# Are there specific ways that different MBTI types act when they are drunk?



## Tahaa (Nov 1, 2014)

If you have been drunk before:
- How did you act?
- What is your MBTI type?

If you have observed a drunk person:
- How did they act
- What is their MBTI type?

And in general if you have noticed any specific things certain types do, or have any assumptions, please share


----------



## Jenko (Sep 11, 2014)

I'm an ENTP and I pass through some stages. 

Stage 1 - I get less instroverted in a large group, in a close group I get more of the attention. More sociable

Stage 2 - Start getting shitload of ideas, theories, plans and really excited if someone gets on my ''vibe''

Stage 3 - Batshit insane, plans and ideas, but this time in the right here right now connotation, specially if I'm in a party, these includes high physical or psychological risk for me and others!
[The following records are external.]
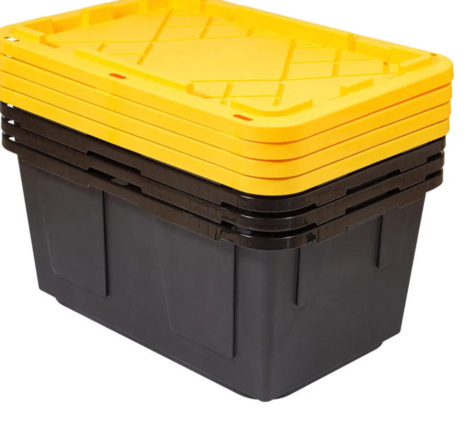 Greenmade 27 gallon (102 liter) storage bins are made of heavy-duty, reinforced plastic that can withstand heavy use. They are NSF food grade certified and provide a convenient and practical option for everyday storage needs. Each bin has cutouts that can be used to lock the lid to the base with a padlock or zip ties for additional security. The lids for the storage bins are recessed for easy stacking. The stack-able design helps conserve storage space.
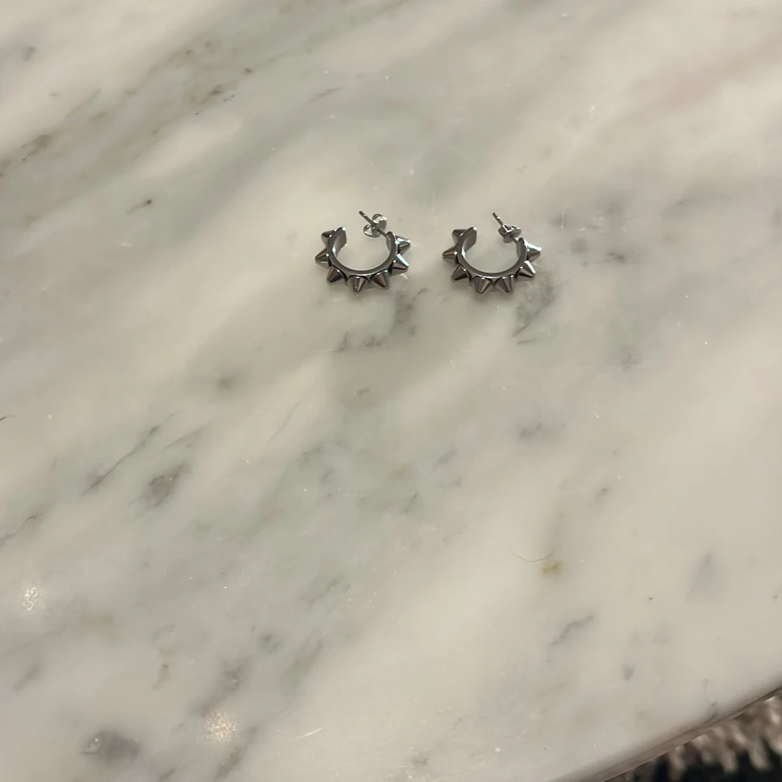 Snygga silvriga örhängen med coola nitar som ger en edgy look. Perfekta för att ge din outfit lite extra attityd. Lätta att bära och passar till många olika stilar.
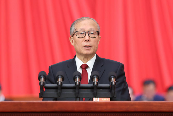 3月5日,第十四届全国人民代表大会第二次会议在北京人民大会堂开幕。受全国人大常委会委托,全国人大常委会副委员长李鸿忠作关于国务院组织法修订草案的说明。新华社记者 刘卫兵 摄
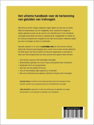 Elke lente en herfst vliegen miljoenen vogels tijdens de trek over ons heen. Meestal onherkenbaar aan het vliegbeeld, maar dankzij hun roepjes en andere geluiden kunnen we de soorten toch identificeren! In het Handboek trekvogels beschrijven de auteurs nauwkeurig de ‘trekgeluiden’ en maken zij het dankzij sonogrammen mogelijk om de roep van Europese trekkende vogels op naam te brengen en beter te onthouden.
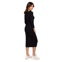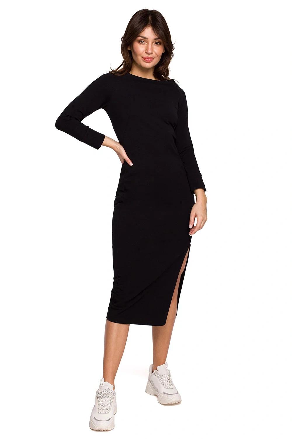 V jednoduchosti je síla. Naše midi šaty na míru s lodičkovým výstřihem, úzkými rukávy a atraktivním vykrojením na nohou stojí za pozornost. Je vyrobeno z bavlněného úpletu, který přiléhá k tělu, takže bude dobře vypadat a pohodlně se nosit.
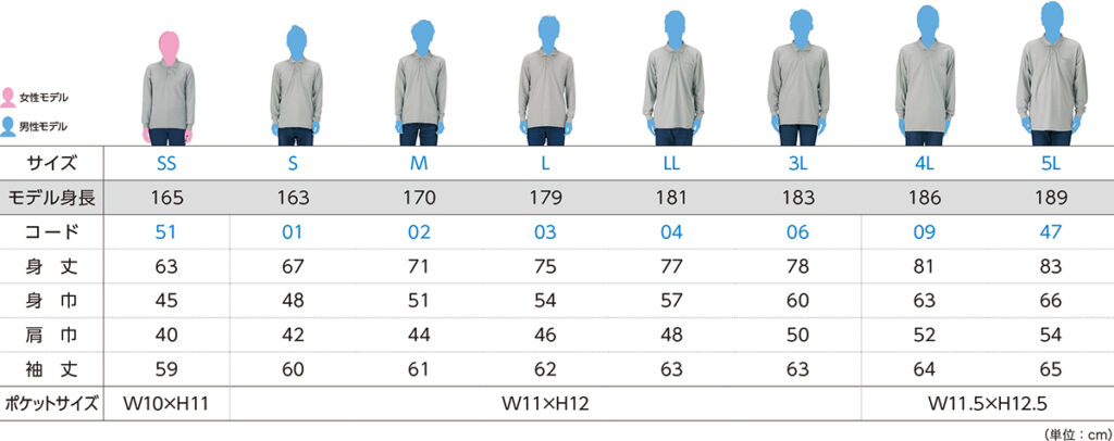 5.8オンス 長袖ポロシャツ (ポケット付 綿・ポリエステル混紡)
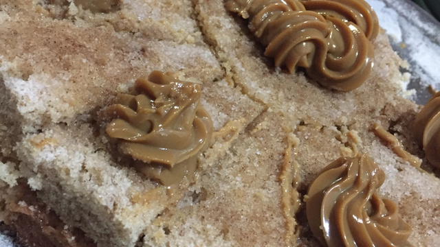 Espalhe o doce de leite da lata e polvilhe açúcar com a canela.

Sometimes I get another stage, instead of the third, I get to a stage that is more quiet and a little down, more thinking about stuff, really far away from what is happening.

And observing my INFP roommate, he starts getting really loving, friendly and wants everybody to join us, and sometimes go to a frustrated philosofical questioning about the bad things that exists state


----------



## ruskiix (Sep 28, 2013)

My ENFJ mom gets giggly and affectionate and happy after one beer.

My ISFP dad doesn't change. At all. He retreats further in his head and is more feely, maybe.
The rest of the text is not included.